§ EXERCISE BRIEF: Please restate every line below exactly, without any pictures.

§ GIVEN DATA:
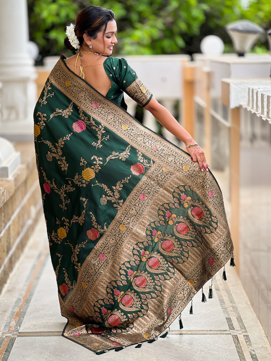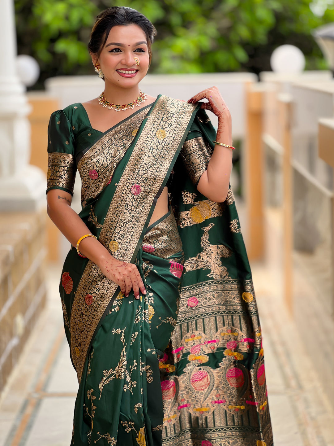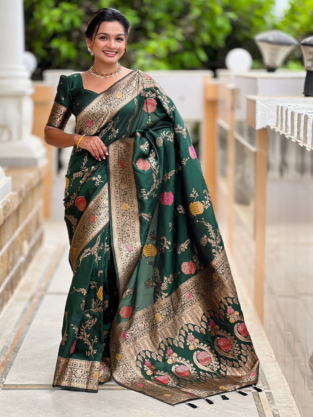 Banarasi Silk Festive Saree in Green with Weaving work
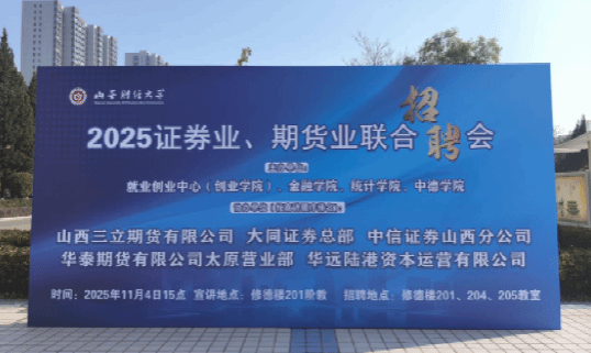 11月4日下午,在就业创业中心(创业学院)指导下,金融学院联合统计学院、中德学院共同举办了2025证券业、期货业联合招聘会。山西三立期货有限公司、大同证券总部、中信证券山西分公司、华泰期货有限公司太原营业部、华远陆港资本运营有限公司5家业内优质企业齐聚现场。就业创业中心(创业学院)、金融学院、统计学院、中德学院及200余名毕业生参加招聘会。
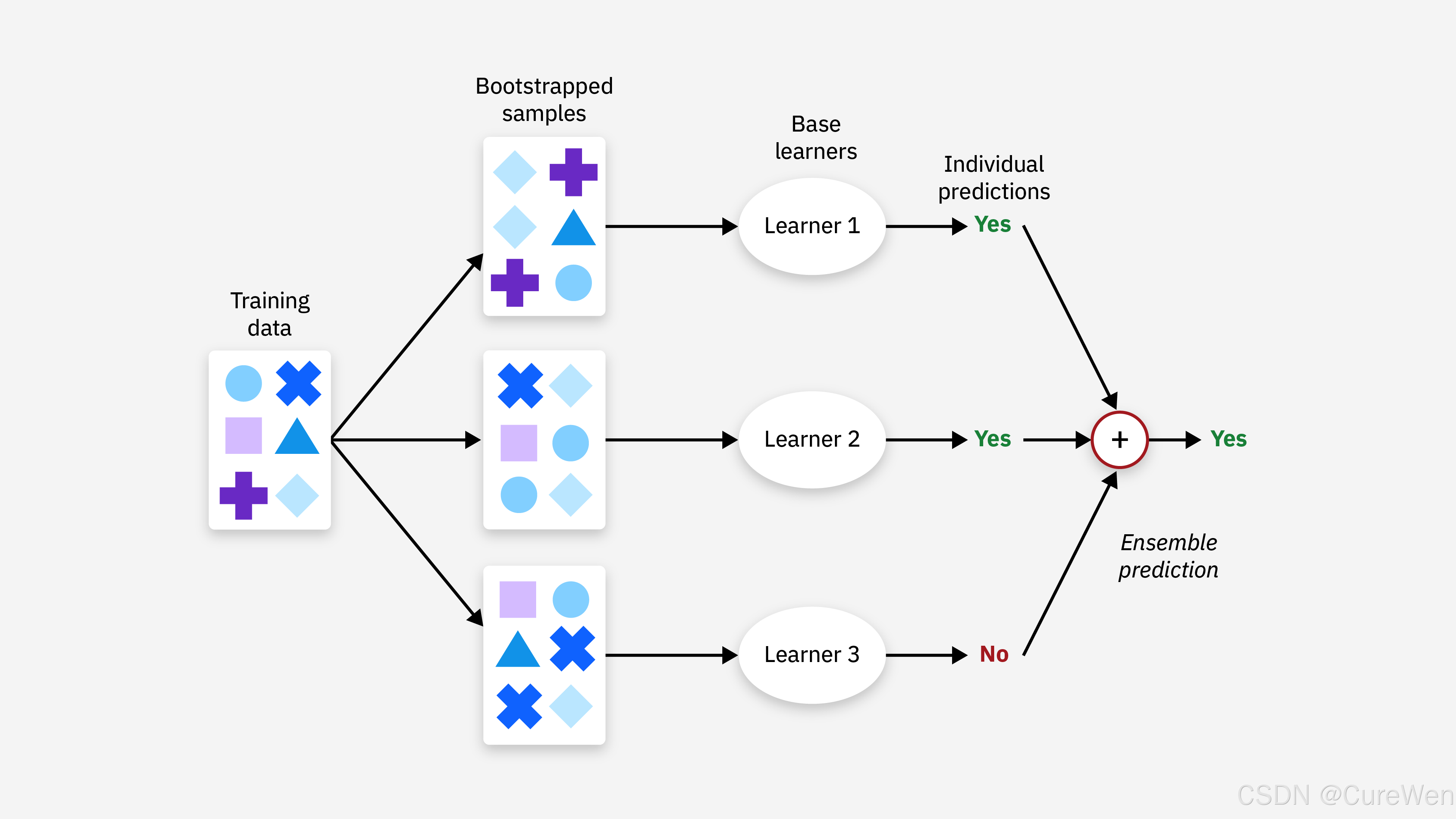 - 简单投票法:少数服从多数(硬投票)或加权投票(软投票)。
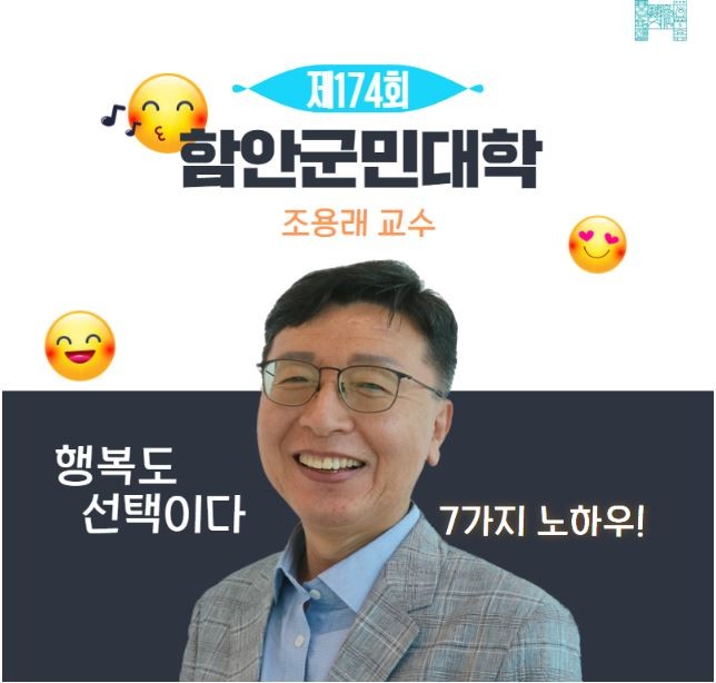 | ▲함안군은 오는 20일 조용래 한림대학교 심리학과 교수를 초청해 가을맞이 제174회 함안군민대학 강연을 개최한다(사진=함안군) |

§ TASK SOLUTION:
 Banarasi Silk Festive Saree in Green with Weaving work
 11月4日下午,在就业创业中心(创业学院)指导下,金融学院联合统计学院、中德学院共同举办了2025证券业、期货业联合招聘会。山西三立期货有限公司、大同证券总部、中信证券山西分公司、华泰期货有限公司太原营业部、华远陆港资本运营有限公司5家业内优质企业齐聚现场。就业创业中心(创业学院)、金融学院、统计学院、中德学院及200余名毕业生参加招聘会。
 - 简单投票法:少数服从多数(硬投票)或加权投票(软投票)。
 | ▲함안군은 오는 20일 조용래 한림대학교 심리학과 교수를 초청해 가을맞이 제174회 함안군민대학 강연을 개최한다(사진=함안군) |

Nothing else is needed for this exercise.